When you are interested in a particular effect of a system you may run an experiment. In its simplest form and experiment is changing some aspect of the system and recording the effect it had on it. As you learn more about these cause and effect relationships you can begin to make theories and hypothesis and design experiment to get accurate results from your tests. Herein lies the importance of proper experimentation. So that we can get valid results and draw the correct conclusions, the experiment must be designed with a specific goal in mind. The goal of an experiment is to find the effect an independent variable has on a dependent variable, or in other words find cause and effect relationships and their magnitudes.
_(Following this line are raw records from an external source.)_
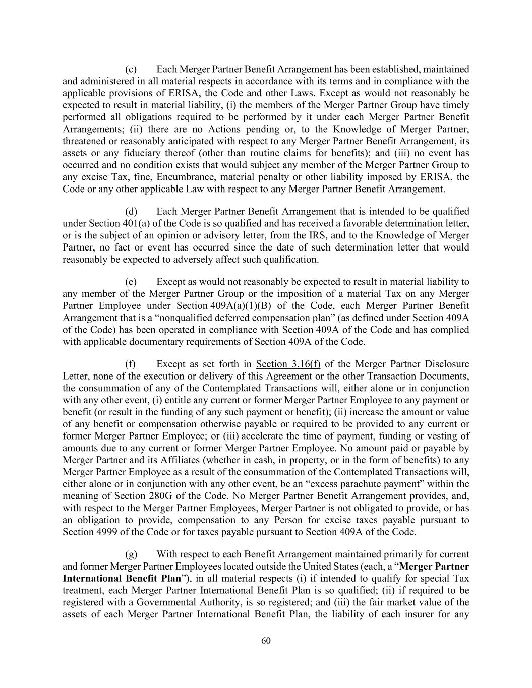 60 (c) Each Merger Partner Benefit Arrangement has been established, maintained and administered in all material respects in accordance with its terms and in compliance with the applicable provisions of ERISA, the Code and other Laws. Except as would not reasonably be expected to result in material liability, (i) the members of the Merger Partner Group have timely performed all obligations required to be performed by it under each Merger Partner Benefit Arrangements; (ii) there are no Actions pending or, to the Knowledge of Merger Partner, threatened or reasonably anticipated with respect to any Merger Partner Benefit Arrangement, its assets or any fiduciary thereof (other than routine claims for benefits); and (iii) no event has occurred and no condition exists that would subject any member of the Merger Partner Group to any excise Tax, fine, Encumbrance, material penalty or other liability imposed by ERISA, the Code or any other applicable Law with respect to any Merger Partner Benefit Arrangement. (d) Each Merger Partner Benefit Arrangement that is intended to be qualified under Section 401(a) of the Code is so qualified and has received a favorable determination letter, or is the subject of an opinion or advisory letter, from the IRS, and to the Knowledge of Merger Partner, no fact or event has occurred since the date of such determination letter that would reasonably be expected to adversely affect such qualification. (e) Except as would not reasonably be expected to result in material liability to any member of the Merger Partner Group or the imposition of a material Tax on any Merger Partner Employee under Section 409A(a)(1)(B) of the Code, each Merger Partner Benefit Arrangement that is a “nonqualified deferred compensation plan” (as defined under Section 409A of the Code) has been operated in compliance with Section 409A of the Code and has complied with applicable documentary requirements of Section 409A of the Code. (f) Except as set forth in Section 3.16(f) of the Merger Partner Disclosure Letter, none of the execution or delivery of this Agreement or the other Transaction Documents, the consummation of any of the Contemplated Transactions will, either alone or in conjunction with any other event, (i) entitle any current or former Merger Partner Employee to any payment or benefit (or result in the funding of any such payment or benefit); (ii) increase the amount or value of any benefit or compensation otherwise payable or required to be provided to any current or former Merger Partner Employee; or (iii) accelerate the time of payment, funding or vesting of amounts due to any current or former Merger Partner Employee. No amount paid or payable by Merger Partner and its Affiliates (whether in cash, in property, or in the form of benefits) to any Merger Partner Employee as a result of the consummation of the Contemplated Transactions will, either alone or in conjunction with any other event, be an “excess parachute payment” within the meaning of Section 280G of the Code. No Merger Partner Benefit Arrangement provides, and, with respect to the Merger Partner Employees, Merger Partner is not obligated to provide, or has an obligation to provide, compensation to any Person for excise taxes payable pursuant to Section 4999 of the Code or for taxes payable pursuant to Section 409A of the Code. (g) With respect to each Benefit Arrangement maintained primarily for current and former Merger Partner Employees located outside the United States (each, a “Merger Partner International Benefit Plan”), in all material respects (i) if intended to qualify for special Tax treatment, each Merger Partner International Benefit Plan is so qualified; (ii) if required to be registered with a Governmental Authority, is so registered; and (iii) the fair market value of the assets of each Merger Partner International Benefit Plan, the liability of each insurer for any
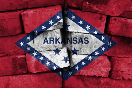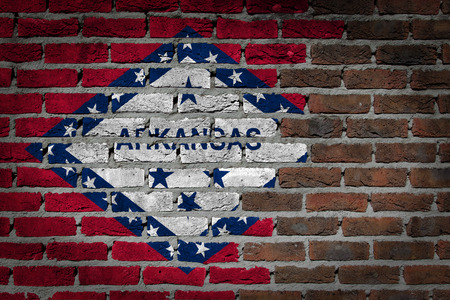 Chalky and grunge american state of arkansas flag painted with color chalk on brick wall
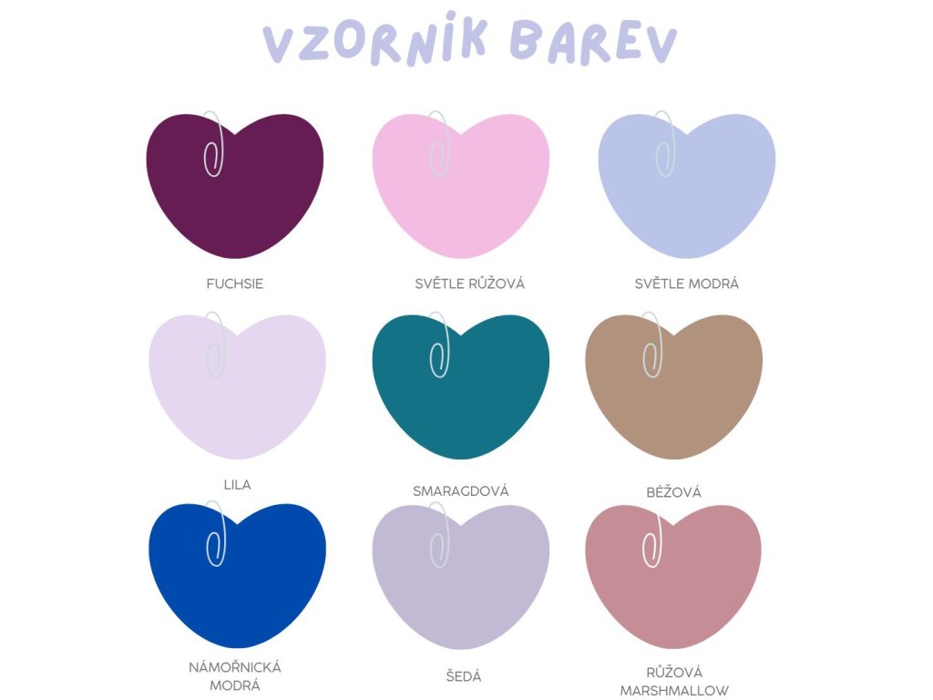 Tabulku velikostí a vzorník barev naleznete ve fotografiích.
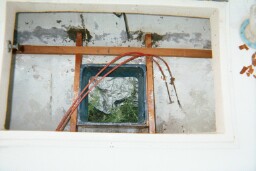 The lazarette or engine compartment on the Challenger is big.  In fact, it is too big.  With an outboard motor installed in the well, you could put two six gallon fuel tanks on each side and still have a little room left over.  The bottom of the compartment is the hull.  A fuel tank set in the compartment slides towards the center and there is no convenient way to tie the tank down.  When underway in waves over a couple of feet, water splashes into the compartment through the motor well.  The motor well is a fiberglass box that rises from the hull about a foot into the compartment.  The walls of the box have to be reinforced to give the motor clamps something tighten against and top edge of the walls also needs something for the weight of the motor to sit on.
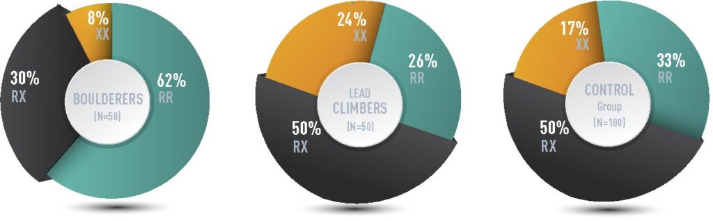 The frequency of the RR, RX and XX genotypes in the control group was: RR = 33%; RX = 50% and XX = 17%, while in climbers it was RR = 44%; RX = 40% and XX = 16% without having significant differences. But when we discriminate by discipline we see that there are significant differences, in the case of bouldering specialists the direction is as follows: RR = 62%; RX = 30% and XX = 8% and in lead specialists: RR = 26%; RX = 50% and XX = 24%.
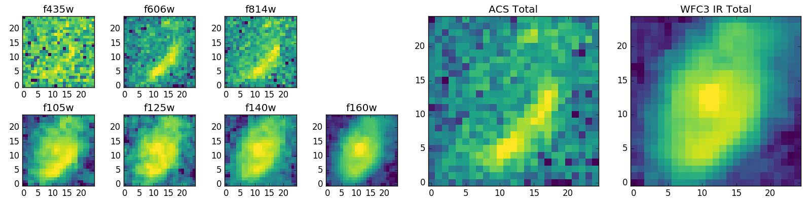 Black segments are analyzed here. Roll mouse over color images to view segments. Best viewed in a wide browser window (1200 pixels or more). Download SED & P(z) plots to view larger versions.
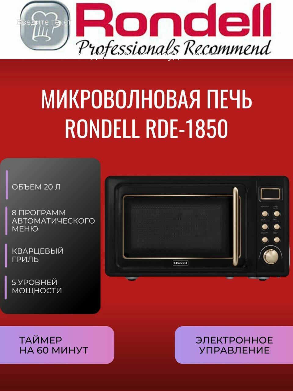 Микроволновая Печь RONDELL RDE-1850 черный информация:

We have all been taught the basics of experimentation in the form of the scientific method. That is to say you have a hypothesis which becomes a binary condition for the experiment. You either prove that the hypothesis is true, or you are unable to validate it. In either case information is gained from the system. Classically one of the most common types of experimental methods is OFAT (one factor at a time), in simple terms it means change one variable and measure the effect it had. Historically this method was prevalent, and was used by many notable researchers such as Edison. Then during WWI a new method of analysis was developed by Ronald Fisher. This method is known as ANOVA (Analysis of Variance), in short it is a powerful method that can be used to analyze the differences in group means. This tool allows for greater flexibility in experiments, due to giving the ability to test various null hypothesis at once. This truly opened a new chapter in how experiments were designed, as well as the analysis of results. Shortly after Fisher emerged George Box and then followed Taguchi. With Taguchi experimental design, depending on the number of factors and levels the amount of necessary experimental runs can be significantly reduced. The tools and methods developed for experimentation will be further discussed in the following chapters.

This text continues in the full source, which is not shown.